The doctor’s office was in a block of flats, on the top floor of four floors of cooking smells. Jachin-Boaz climbed the stairs, rang, let himself in, and sat on a studio couch in a big kitchen until the doctor appeared.

The doctor was short, had long red hair and a beard, and was dressed like a man doing odd jobs around the house on a weekend. He turned on an electric kettle, made tea in a little Chinese teapot, put two little Chinese cups on a tray with the pot, and said, ‘Come in.’

They went into the room that was his office and sat on facing chairs. There was a studio couch along one wall. By another stood a big table piled with books and papers, a typewriter, two tape recorders, a briefcase, and several huddles of large brown envelopes and file folders. There were more books and papers on smaller tables, on chairs, on the floor, on the mantelpiece, and on shelves.

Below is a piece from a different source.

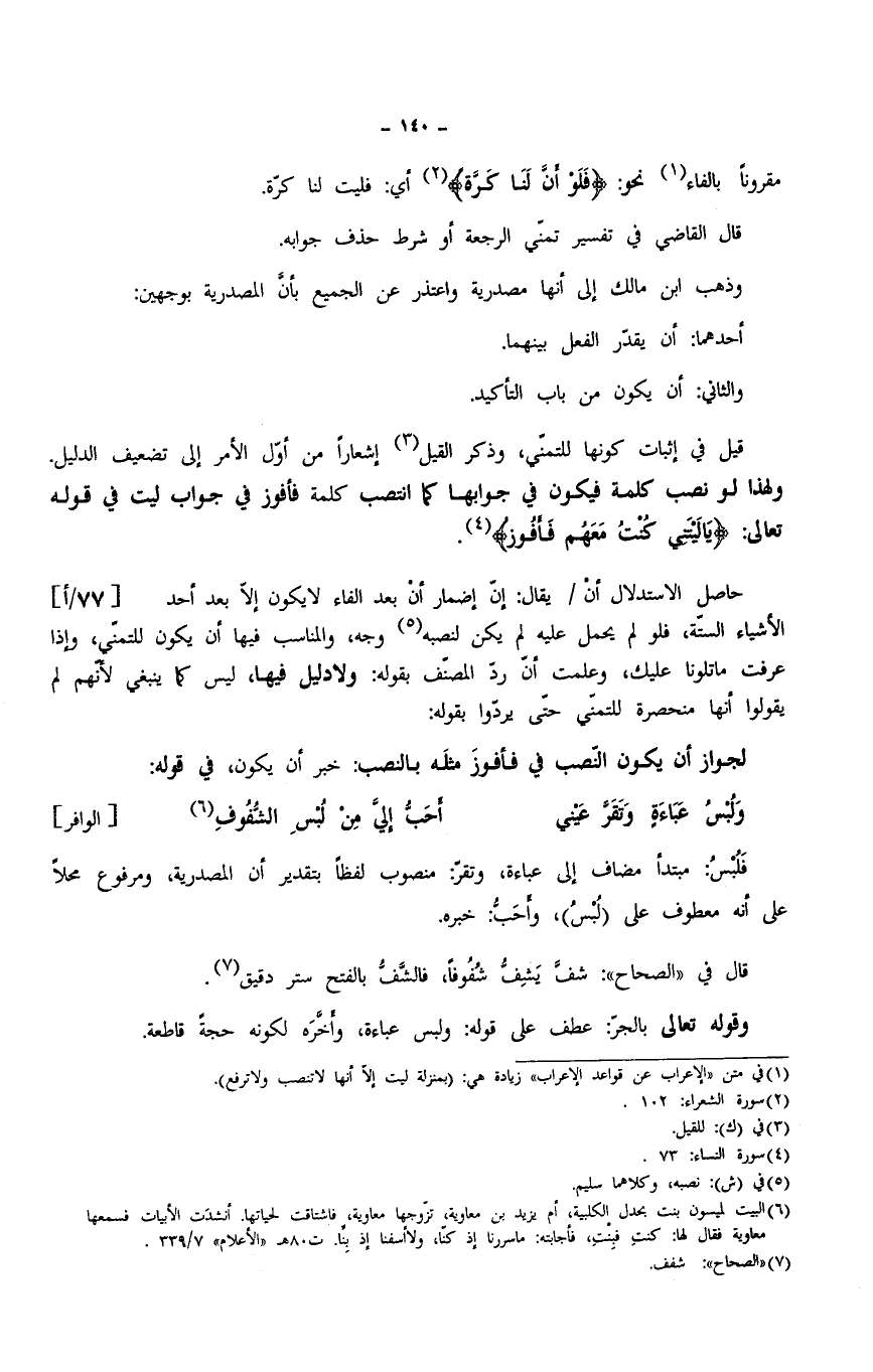 قيل في إثبات كونها للتمنّي، وذكر القيل إشعارًا من أوّل الأمر إلى تضعيف الدليل. ولهذا لو نصب كلمة فيكون في جوابها كما انتصب كلمة فأفوز في جواب ليت في قوله تعالى: {يَالَيْتَنِي كُنْتُ مَعَهُمْ فَأَفُوزَ}.

‘Start wherever you like,’ said the doctor.

‘I’ll start with the lion,’ said Jachin-Boaz. ‘I can’t afford to come more than once, so I’ll get to the point immediately.’ He told the doctor about his two encounters with the lion, particularly stressing the five pounds of beefsteak.

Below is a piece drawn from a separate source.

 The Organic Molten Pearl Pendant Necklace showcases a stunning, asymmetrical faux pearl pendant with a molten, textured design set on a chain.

‘And always I know that just before dawn he will be waiting for me somewhere in the streets,’ said Jachin-Boaz. ‘And of course I know that lions are extinct. There are no lions any more. So he can’t be real. Can he be real?’

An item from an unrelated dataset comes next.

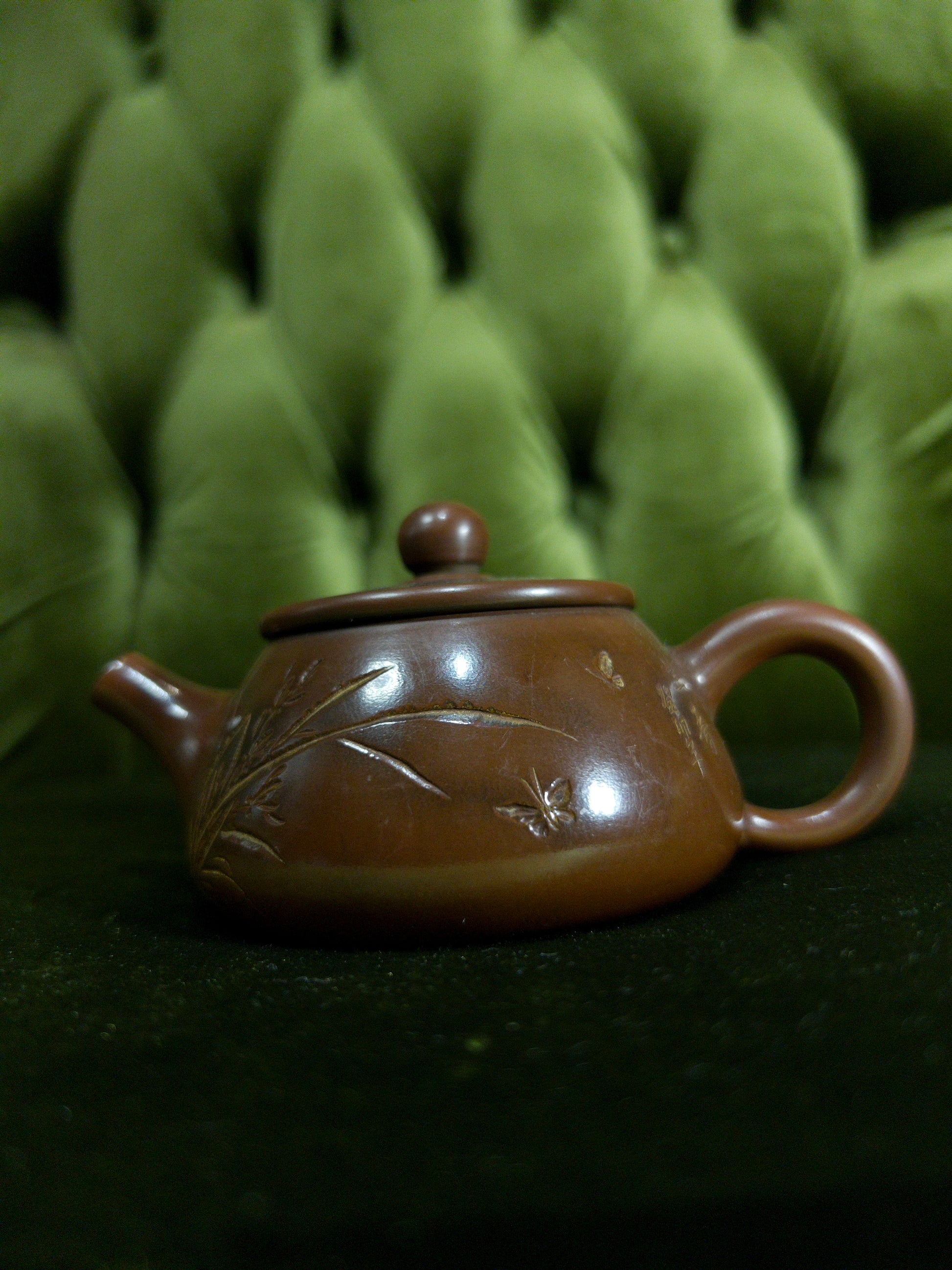 Bamboo Stillness is a rounded Yixing teapot with delicate engravings of bamboo branches and a butterfly in flight — a scene of quiet harmony. The form fits perfectly in the hand and keeps heat steady for smooth brews. Especially ideal for oolongs and red teas.

‘He eats real meat,’ said the doctor. ‘You saw him do it, other people saw him do it.’

‘That’s right,’ said Jachin-Boaz. ‘And I’m meat.’

‘Right,’ said the doctor. ‘So let’s not split hairs about whether he’s real. He can do real damage. He’s a real problem that has to be coped with one way or another.’

‘How?’ said Jachin-Boaz, looking at his watch. He was paying for fifty minutes of the doctor’s time, and ten of them were gone.

‘Try to remember the night before you saw the lion for the first time,’ said the doctor. ‘Is there anything at all that comes to mind? Any dreams?’